_PROVIDED MATERIAL_:
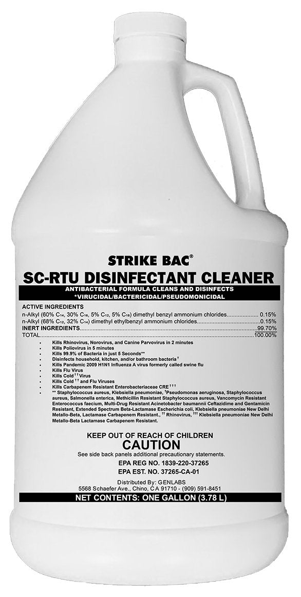 Genlabs Strike Bac® SC-RTU Disinfectant Cleaner is perfect for those needing a fast-acting, ready-to-use disinfectant with proven effectiveness. Its advanced formulation makes it an ideal choice for maintaining safe, hygienic conditions in various environments.
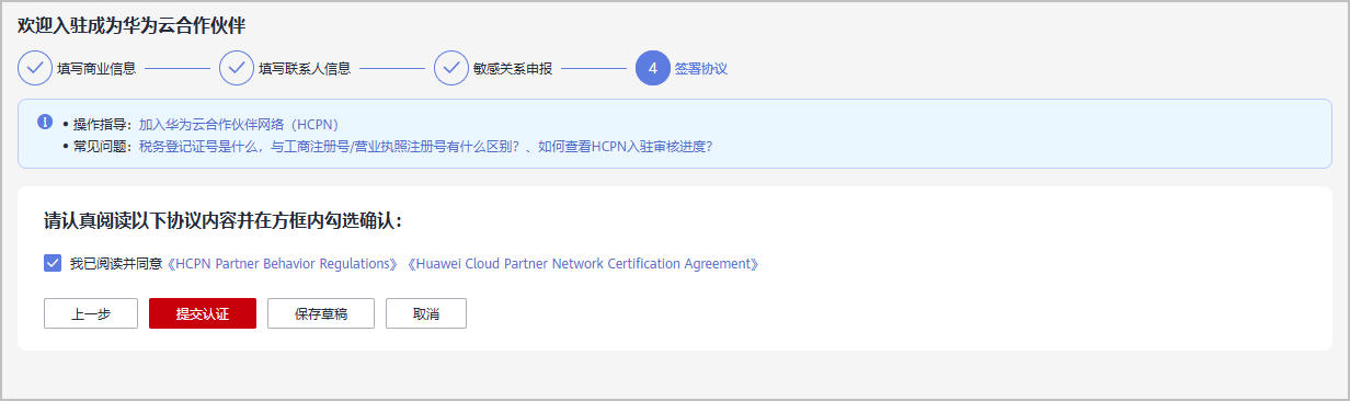 - 成功入驻华为云合作伙伴体系后不支持退出HCPN。
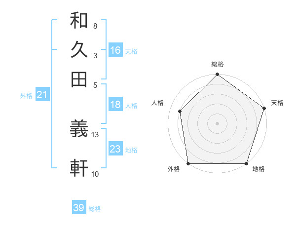 和久田 義軒さんを姓名の画数から五運を鑑定
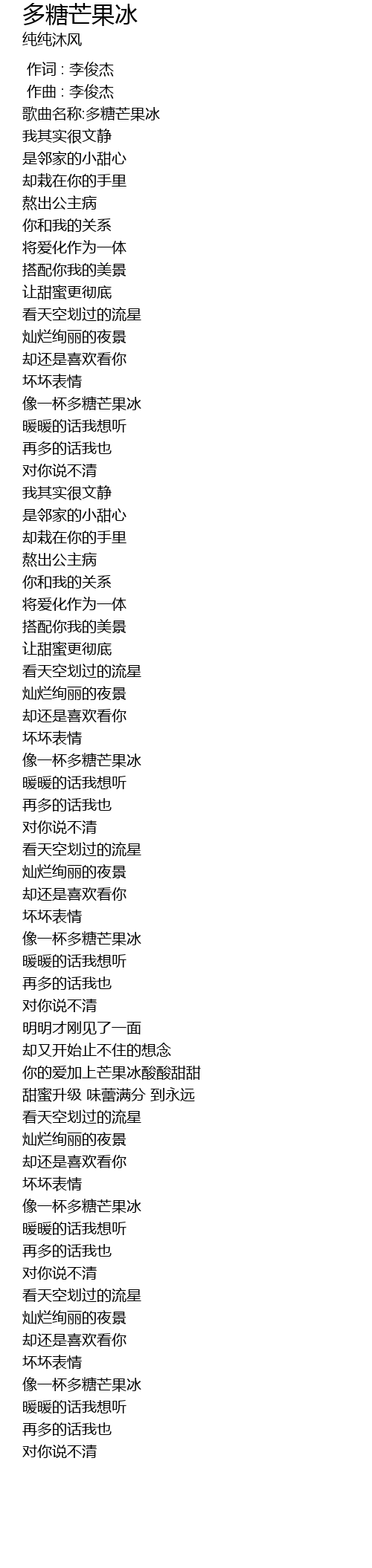 | [00:13.197] | 歌曲名称:多糖芒果冰 |
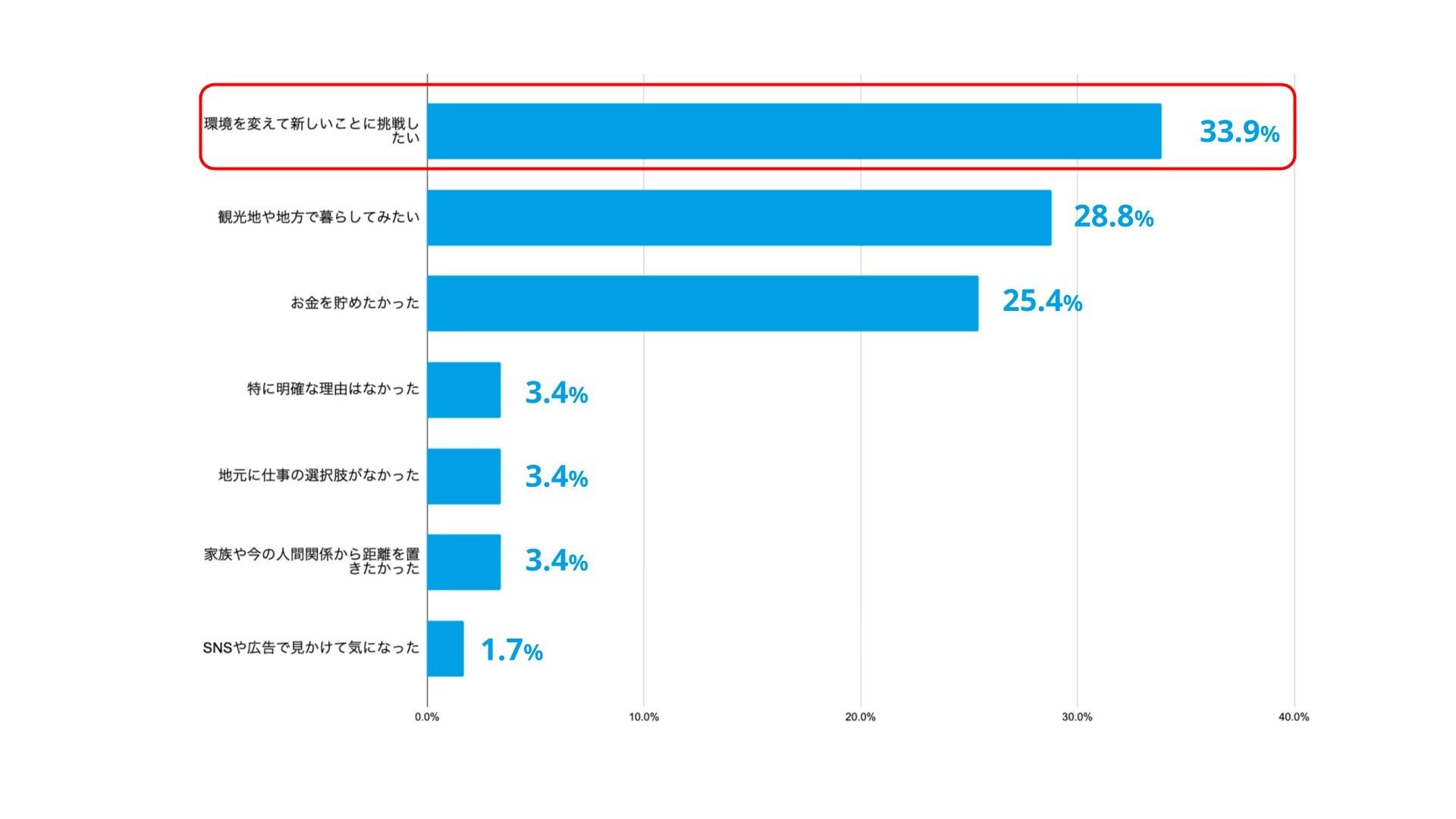 次いで「観光地や地方で暮らしてみたい」(28.8%)、「お金を貯めたかった」(25.4%)と続き、移動を通じて新しい環境や暮らしを求める前向きな動機が多く見受けられました。
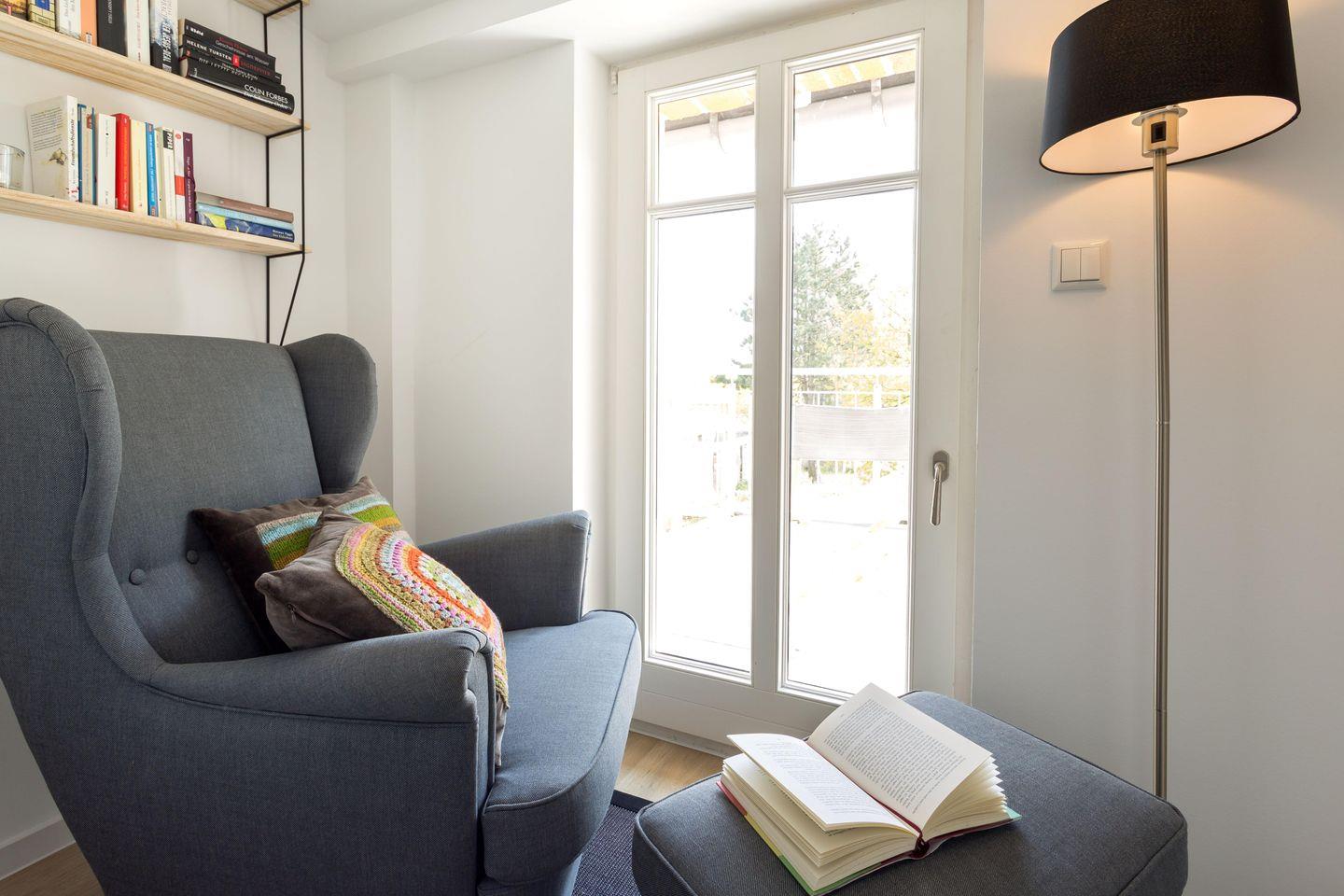 Das Wohn-/ Esszimmer mit offener Küche bietet einen weiten Ausblick nach Osten und Süden; das Schlafzimmer ist nach Norden ausgerichtet mit Blick zum Gutshaus. Das besondere Highlight der Wohnung ist ein kuscheliger Leseplatz am Zugang zum großen Süd-Balkon und natürlich der Balkon selbst!

_WORK TO BE COMPLETED_:
Starting with the line that contains "和久田 義軒さんを姓名の画数から五運を鑑定" and ending with the last line of the material, every line must be written out exactly; no other lines and no pictures are wanted.

_EXERCISE OUTPUT_:
 和久田 義軒さんを姓名の画数から五運を鑑定
 | [00:13.197] | 歌曲名称:多糖芒果冰 |
 次いで「観光地や地方で暮らしてみたい」(28.8%)、「お金を貯めたかった」(25.4%)と続き、移動を通じて新しい環境や暮らしを求める前向きな動機が多く見受けられました。
 Das Wohn-/ Esszimmer mit offener Küche bietet einen weiten Ausblick nach Osten und Süden; das Schlafzimmer ist nach Norden ausgerichtet mit Blick zum Gutshaus. Das besondere Highlight der Wohnung ist ein kuscheliger Leseplatz am Zugang zum großen Süd-Balkon und natürlich der Balkon selbst!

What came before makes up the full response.